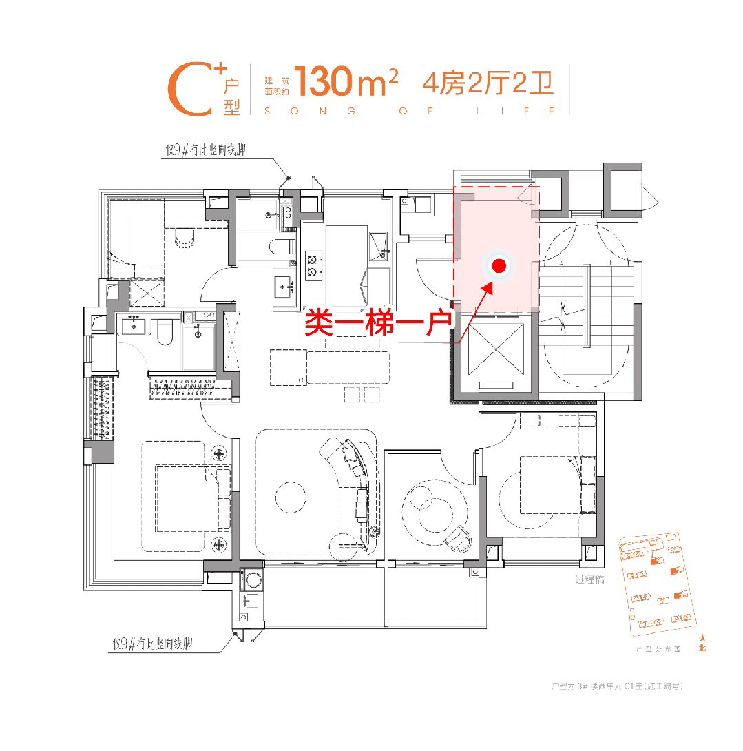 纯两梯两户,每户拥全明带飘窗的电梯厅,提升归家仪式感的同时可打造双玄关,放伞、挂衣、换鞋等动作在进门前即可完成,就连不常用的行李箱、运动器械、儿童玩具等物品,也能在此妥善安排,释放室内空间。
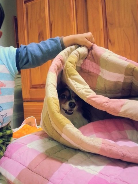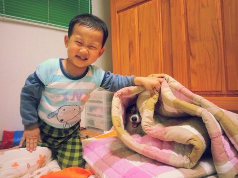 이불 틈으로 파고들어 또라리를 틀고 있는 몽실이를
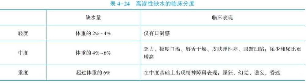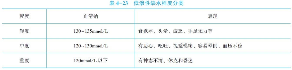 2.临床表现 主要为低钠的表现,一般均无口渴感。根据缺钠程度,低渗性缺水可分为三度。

What you have to do: Write out the listing above exactly, images omitted.

Response area:
 纯两梯两户,每户拥全明带飘窗的电梯厅,提升归家仪式感的同时可打造双玄关,放伞、挂衣、换鞋等动作在进门前即可完成,就连不常用的行李箱、运动器械、儿童玩具等物品,也能在此妥善安排,释放室内空间。
 이불 틈으로 파고들어 또라리를 틀고 있는 몽실이를
 2.临床表现 主要为低钠的表现,一般均无口渴感。根据缺钠程度,低渗性缺水可分为三度。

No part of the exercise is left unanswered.